Exercise aim |
When you reach the line with "近日(3月29日),四川南充" in the records below, begin transcribing exactly and continue up to and including the line with "Rechts unten in", leaving out every picture.

Excerpted records |
***
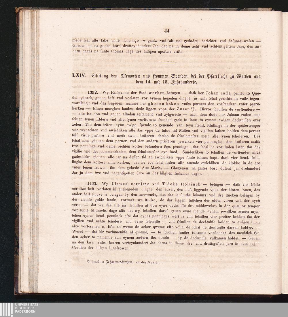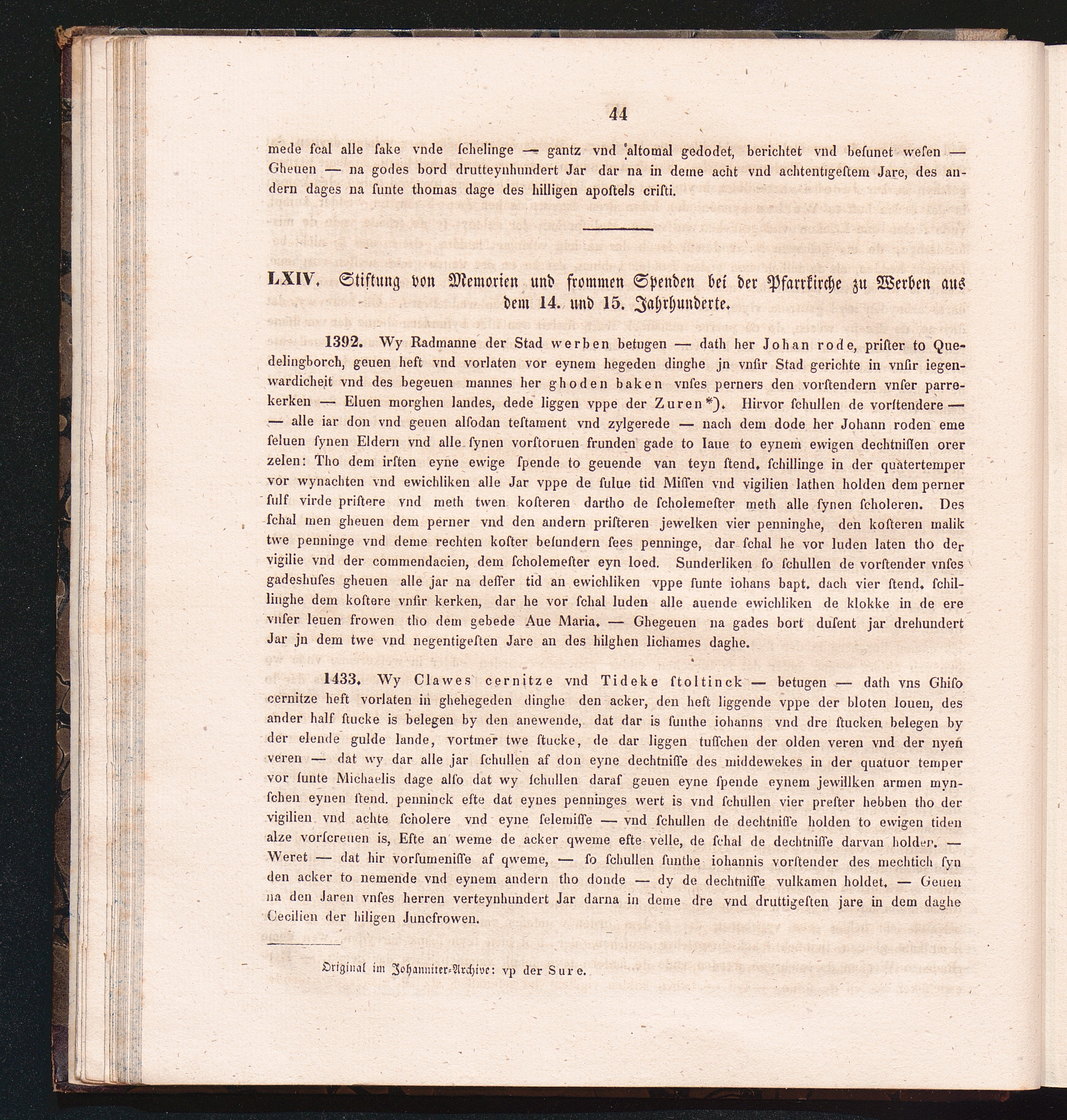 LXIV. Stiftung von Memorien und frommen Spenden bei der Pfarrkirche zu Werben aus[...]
***
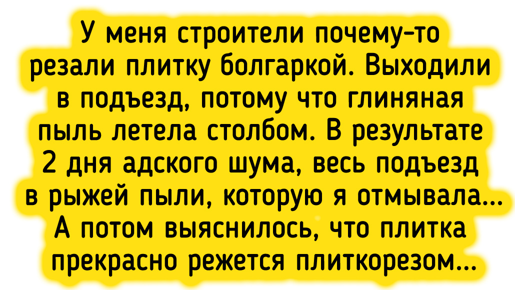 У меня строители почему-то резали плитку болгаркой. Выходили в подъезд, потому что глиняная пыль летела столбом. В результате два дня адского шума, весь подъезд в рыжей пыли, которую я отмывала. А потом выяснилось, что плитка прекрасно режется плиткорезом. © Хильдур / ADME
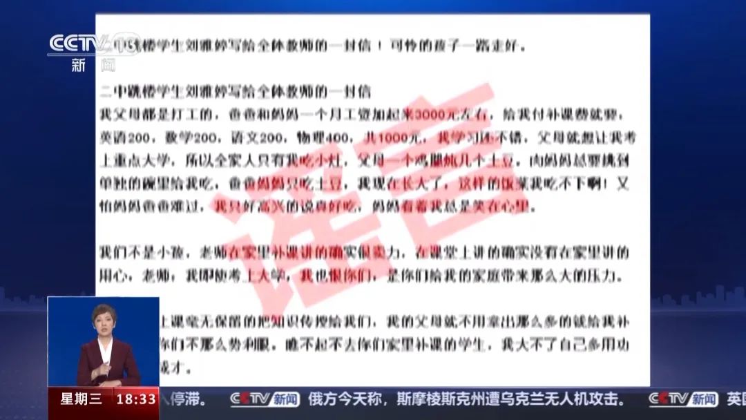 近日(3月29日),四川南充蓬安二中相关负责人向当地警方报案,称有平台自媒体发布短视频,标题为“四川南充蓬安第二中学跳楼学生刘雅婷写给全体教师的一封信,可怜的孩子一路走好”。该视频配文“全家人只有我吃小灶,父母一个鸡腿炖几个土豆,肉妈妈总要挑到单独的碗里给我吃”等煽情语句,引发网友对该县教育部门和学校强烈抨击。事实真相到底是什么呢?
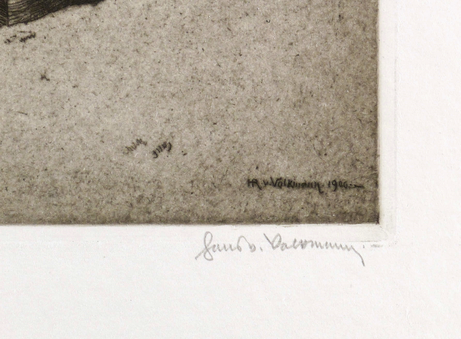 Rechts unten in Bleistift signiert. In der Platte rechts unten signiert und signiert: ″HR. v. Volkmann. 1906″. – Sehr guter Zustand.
***
Exercise answer |
 近日(3月29日),四川南充蓬安二中相关负责人向当地警方报案,称有平台自媒体发布短视频,标题为“四川南充蓬安第二中学跳楼学生刘雅婷写给全体教师的一封信,可怜的孩子一路走好”。该视频配文“全家人只有我吃小灶,父母一个鸡腿炖几个土豆,肉妈妈总要挑到单独的碗里给我吃”等煽情语句,引发网友对该县教育部门和学校强烈抨击。事实真相到底是什么呢?
 Rechts unten in Bleistift signiert. In der Platte rechts unten signiert und signiert: ″HR. v. Volkmann. 1906″. – Sehr guter Zustand.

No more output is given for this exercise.